Start by walking the neighborhood route I suggested yesterday. Walk that same route every day at the same time, every day for a week. Then alternate with another route for a week. Then the magic happens. Studies show that doing something for 14 days will imprint the action on your brain. You will then do it as your routine and actually miss it if you change it. You will also begin to get a lot of satisfaction out of your dedicated success.
Beginning today, start every day on the right foot.
TODAY: SCHEDULE YOUR WALKING TIME AND WALK THE NEIGHBORHOOD
I know, you’re thinking now that you wish you had that problem. But it really isn’t the way to turn your weight around. If you try to change things too fast, odds are that you will get discouraged and give up. If you just stop eating all together your metabolism will slow down and when you eat (and you WILL eat) the weight comes right back. Let’s get real about how you got this way. You’ve been eating too much, exercising too little (or not at all) and your mind is telling you that you like the sweets, snacks and the couch. But you have to start changing that NOW.
Don’t start feeling guilty about eating. You’ll just eat to console yourself. You simply have some adjusting to do, and I don’t mean letting your belt out another notch. You need a mental adjustment. You CAN get to a healthy weight. You have to believe that you can. But understand that it won’t happen because of a fad diet. It takes a mental commitment to eat good food in smaller portions and get exercise.
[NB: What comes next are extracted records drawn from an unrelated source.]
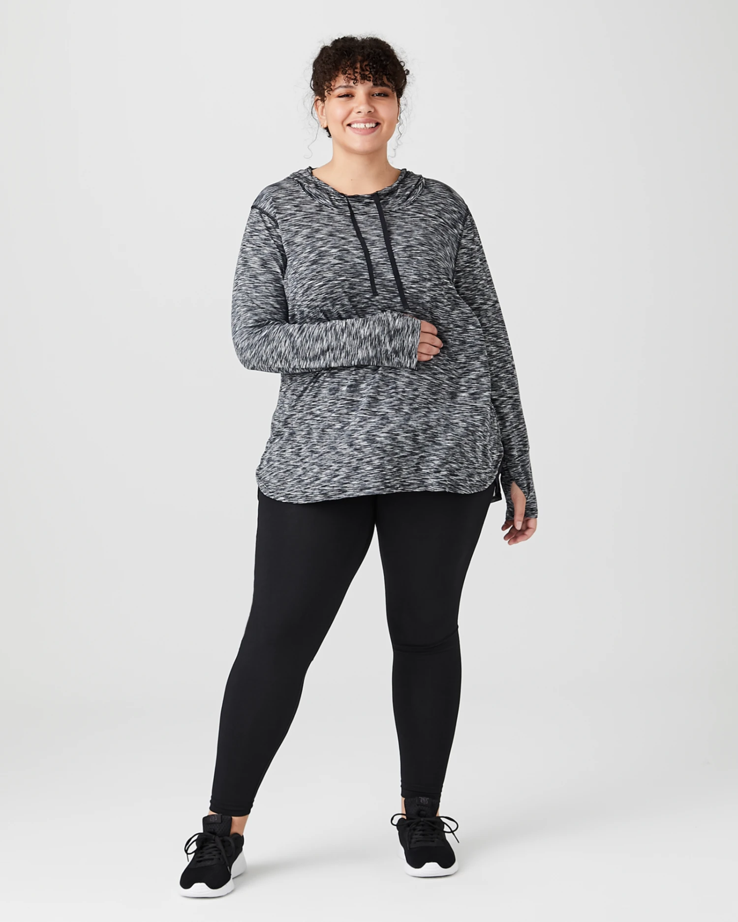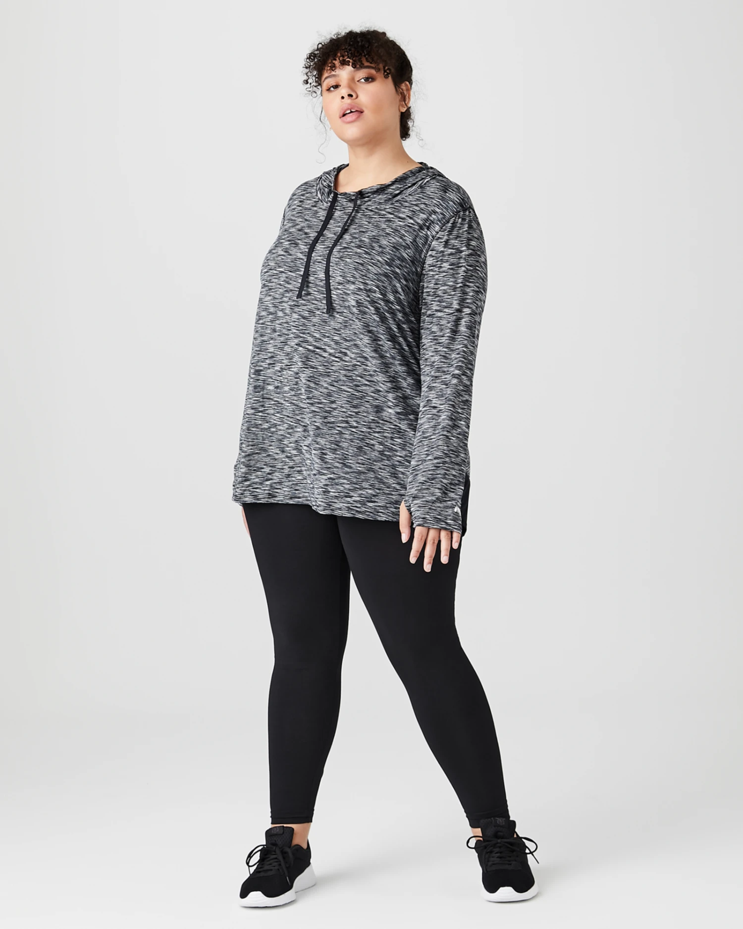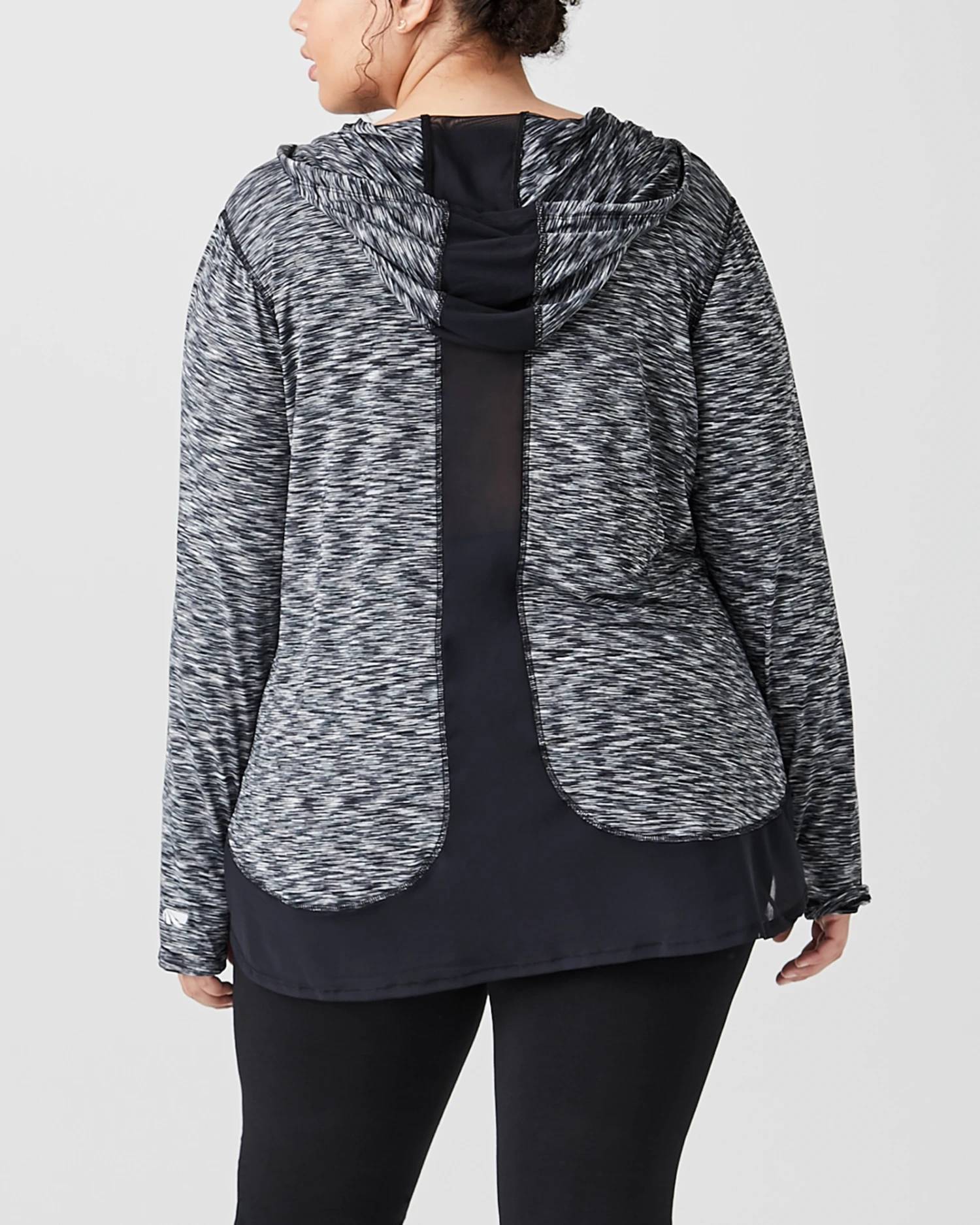 This lightweight pullover hoodie gives you just the right amount of warmth during your workout! The modern space dye print will look sleek and sporty with your favorite leggings and running shoes.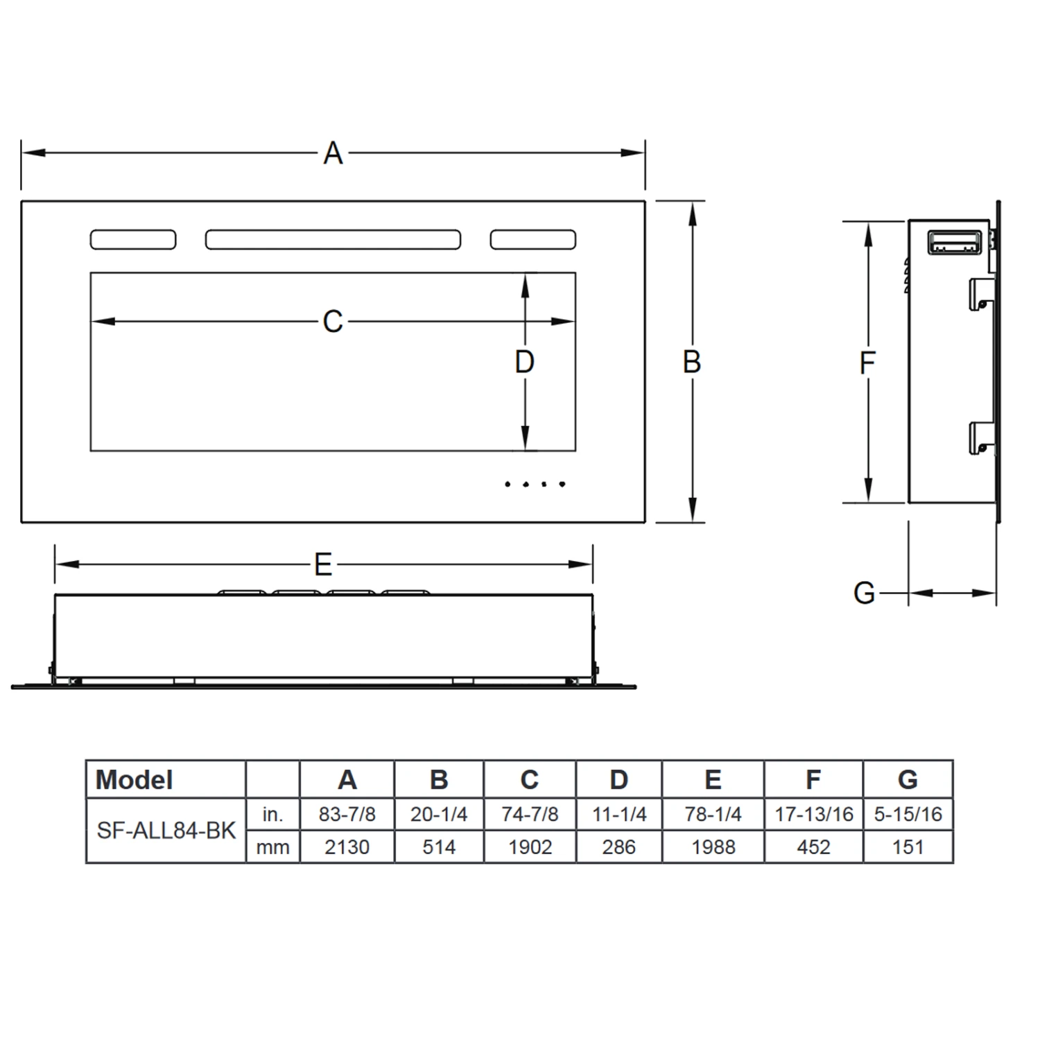 The Allusion electric fireplace series embraces modern design by combining linear proportions with a multitude of flame and ember bed LED lighting themes. Additionally, intuitive operation is exemplified by the standard remote and touch controls on the fireplace front.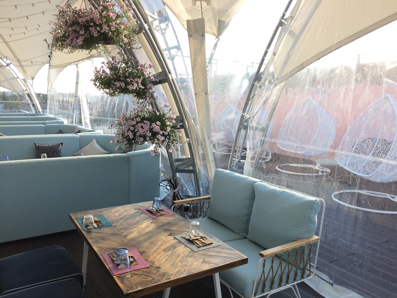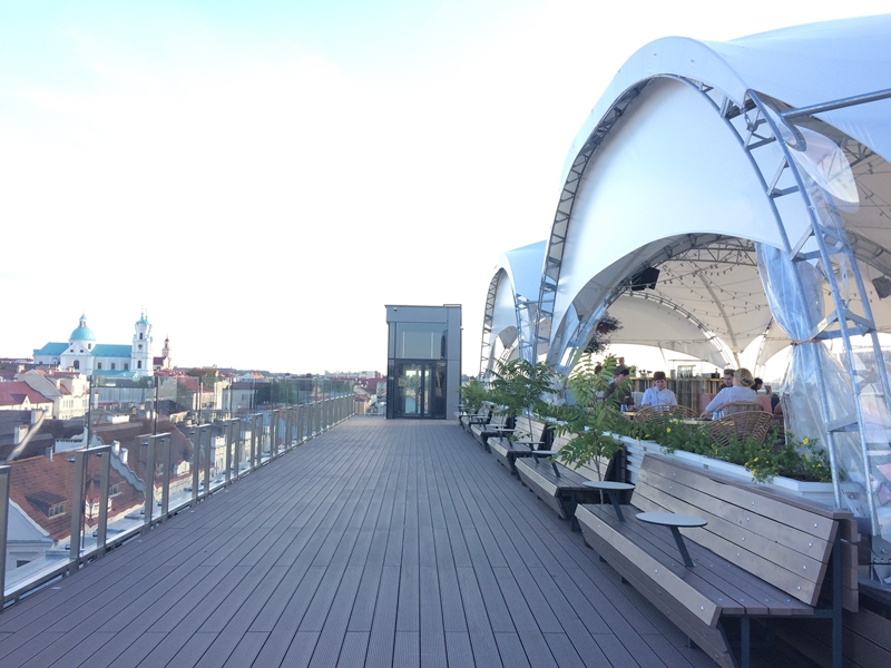 Территория смотровой площадки разделена на зону отдыха и территорию для прогулок. В центре обзорной площадки расположилось новое лаунж-кафе на 100 мест под названием «Крыша мира». Оно располагается на возвышенной террасе под навесом-куполом, занимает площадь 350 квадратных метров. Подобное кафе на крыше есть только в Минске, среди областных центров Гродно – единственный может похвастаться таким заведением.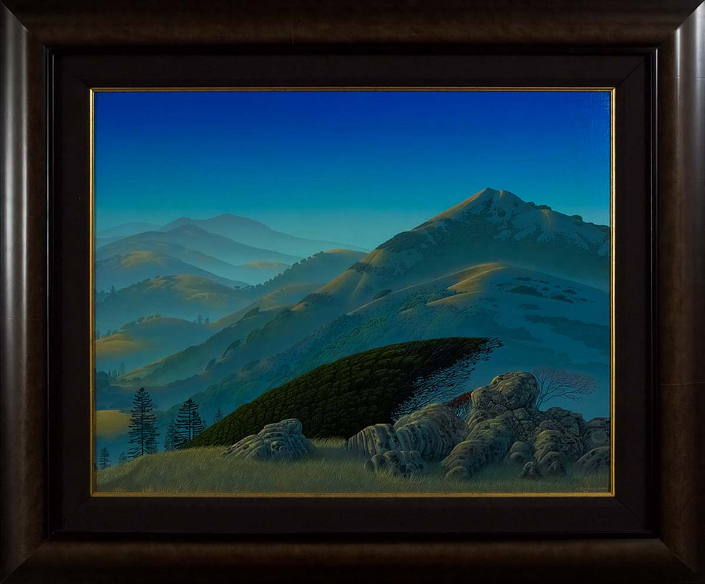 "Nature's Jewels" is an acrylic and alkyd on canvas painting created by Bruce Ricker in 2000. The artwork is signed 'RICKER 2000' lower right. The canvas size is 22 x 28" and the artwork is framed in a contemporary black frame. The artwork ships framed.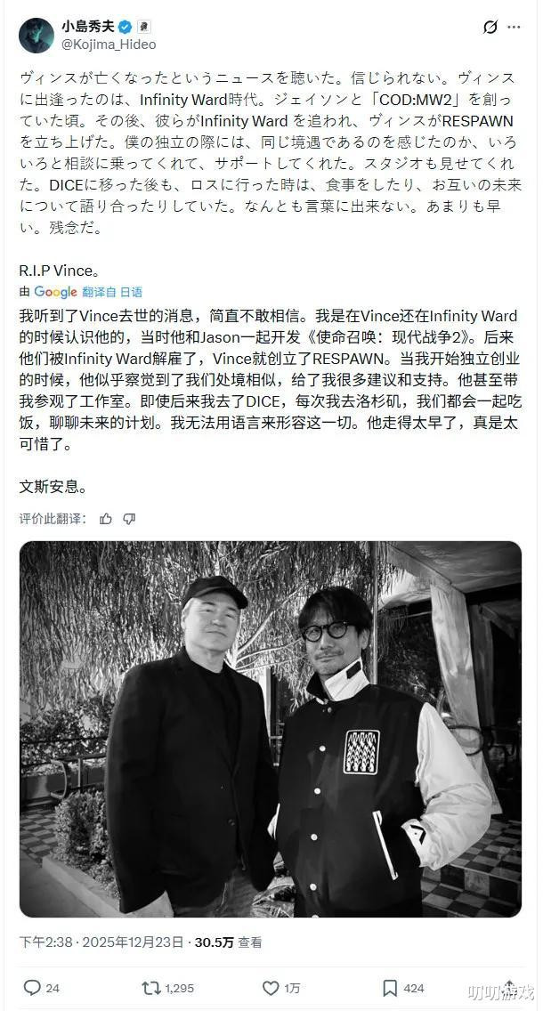 知名扶直者小岛秀夫,TGA首创东说念主杰夫·吉斯利等也发布了怀念推文,并示意他是一位伟大的扶直者,许多东说念主齐受到过他的匡助。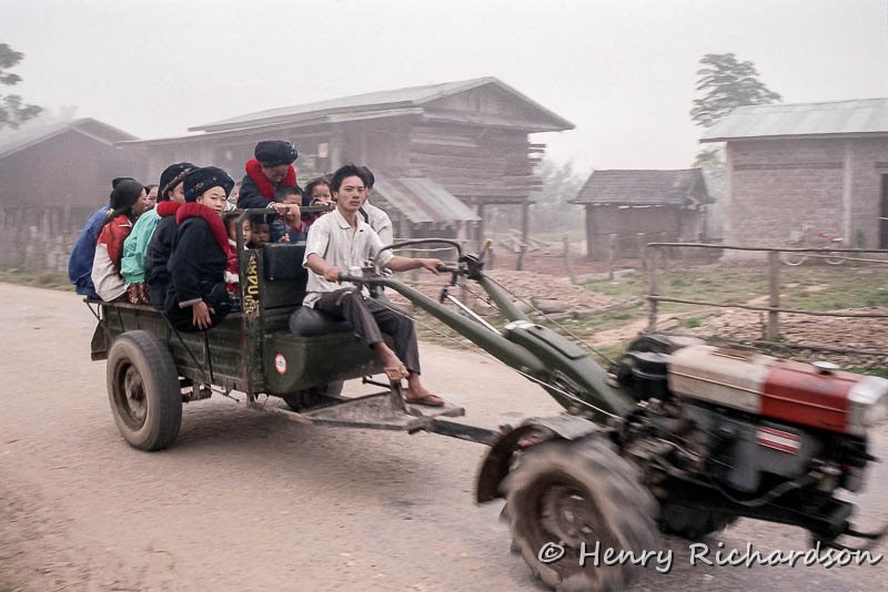 | Chinese tractor and workers on a foggy early morning in Muang Sing in the far north, 1998 |

It’s the only way to win the battle of weight loss.
TODAY: WALK AROUND PART OF YOUR NEIGHBORHOOD. MAKE THAT ONE OF SEVERAL REGULAR WALKING ROUTES TO REPEAT.
Don’t think of it as HAVING to exercise. Instead, focus on how you WANT to exercise so you can feel great. That’s because you will. You will sleep better, have more energy, a clearer mind and even a better sex life. Physical activity is good for you whether you are trying to lose weight or not. Keep it positive and you’ll end up looking positively great!
TODAY: THINK OF HOW GOOD YOU’RE BEING TO YOURSELF WHEN YOU EXERCISE.
You may have noticed that you weren’t as hungry at “meal time” since we started Daylight Saving Time. But you’ll likely adapt to eating earlier easier than waking up earlier. Just try and use that reduced appetite to reduce a few calories. You can still satisfy the cravings that come later with a nice piece of fruit or high fiber cereal AFTER you take a walk in the daylight that is left at the end of your day.
TODAY: RENEW YOUR COMMITMENT TO EAT LESS AND EXERCISE MORE.